- [Provided material]:
+ + +

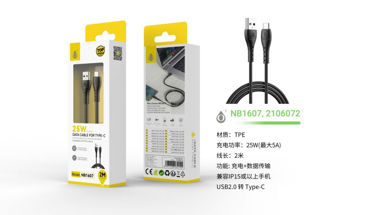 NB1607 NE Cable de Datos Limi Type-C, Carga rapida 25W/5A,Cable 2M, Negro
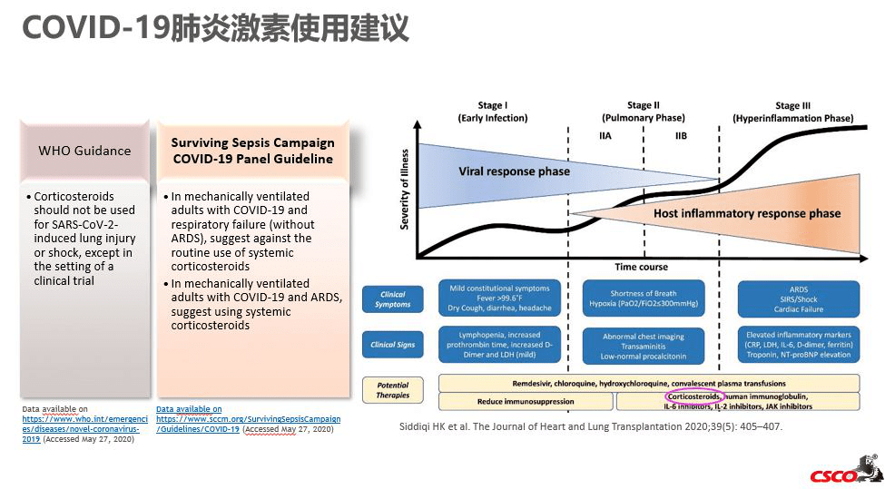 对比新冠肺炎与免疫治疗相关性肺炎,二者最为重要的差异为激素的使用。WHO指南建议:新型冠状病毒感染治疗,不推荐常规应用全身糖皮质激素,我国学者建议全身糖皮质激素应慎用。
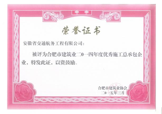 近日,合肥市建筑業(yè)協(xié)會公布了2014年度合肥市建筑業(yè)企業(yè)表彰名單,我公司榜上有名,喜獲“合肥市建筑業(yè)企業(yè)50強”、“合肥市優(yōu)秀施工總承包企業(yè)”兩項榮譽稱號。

+ + +

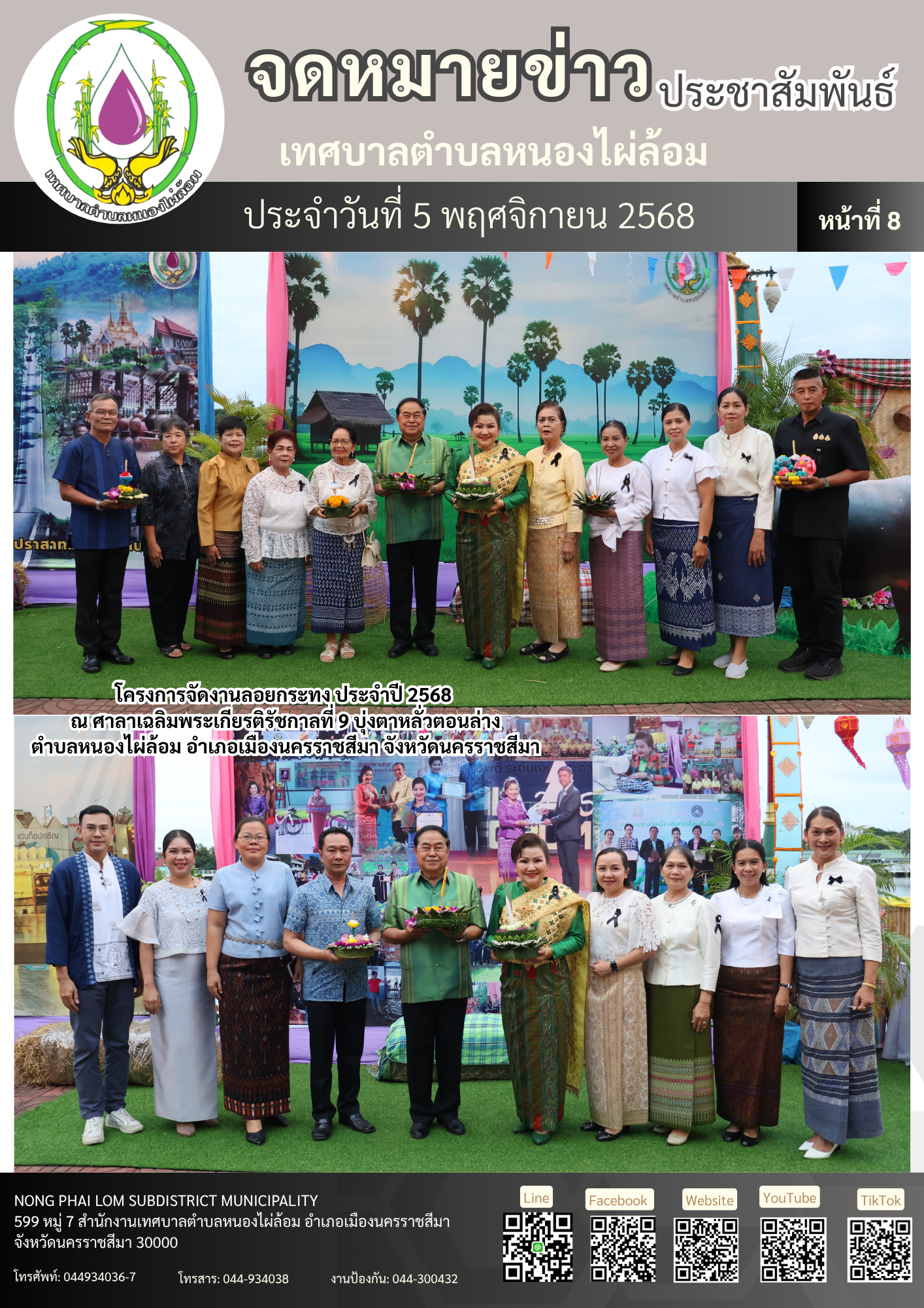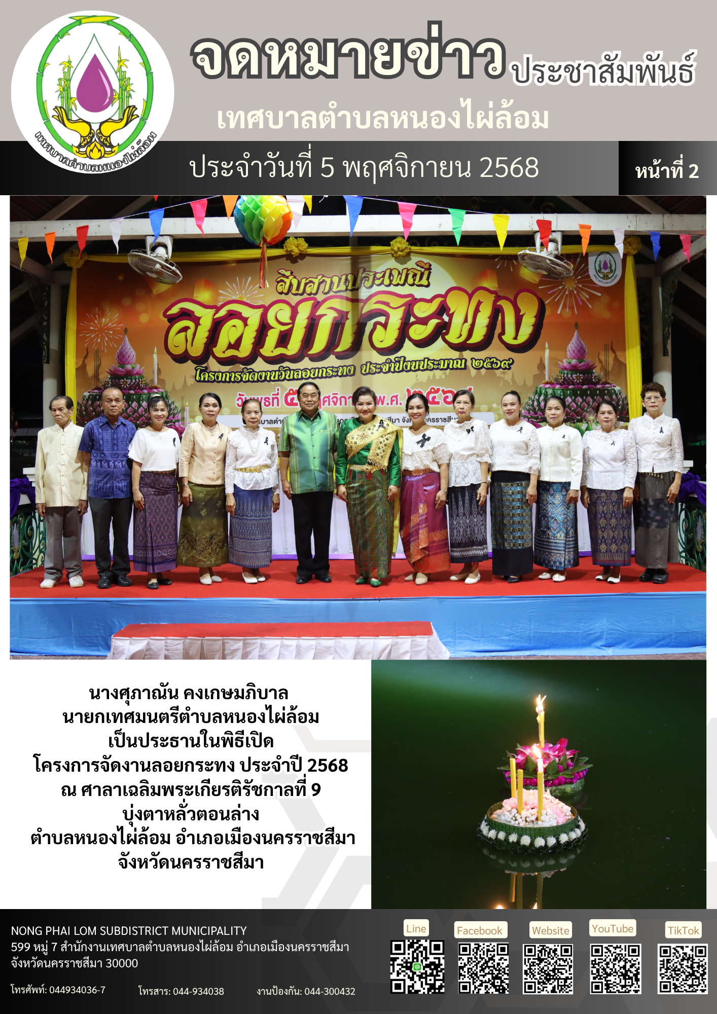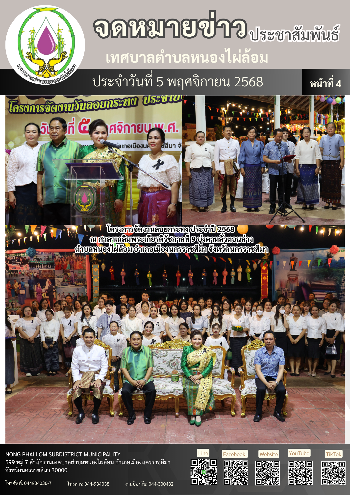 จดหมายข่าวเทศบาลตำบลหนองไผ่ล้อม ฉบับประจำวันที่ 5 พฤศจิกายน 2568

+ + +

- [Task goal]: Copy exactly, without pictures, the lines above from the one with "NB1607 NE Cable" down to the one with "近日,合肥市建筑業(yè)協", inclusive.

- [Response to the exercise]:
 NB1607 NE Cable de Datos Limi Type-C, Carga rapida 25W/5A,Cable 2M, Negro
 对比新冠肺炎与免疫治疗相关性肺炎,二者最为重要的差异为激素的使用。WHO指南建议:新型冠状病毒感染治疗,不推荐常规应用全身糖皮质激素,我国学者建议全身糖皮质激素应慎用。
 近日,合肥市建筑業(yè)協(xié)會公布了2014年度合肥市建筑業(yè)企業(yè)表彰名單,我公司榜上有名,喜獲“合肥市建筑業(yè)企業(yè)50強”、“合肥市優(yōu)秀施工總承包企業(yè)”兩項榮譽稱號。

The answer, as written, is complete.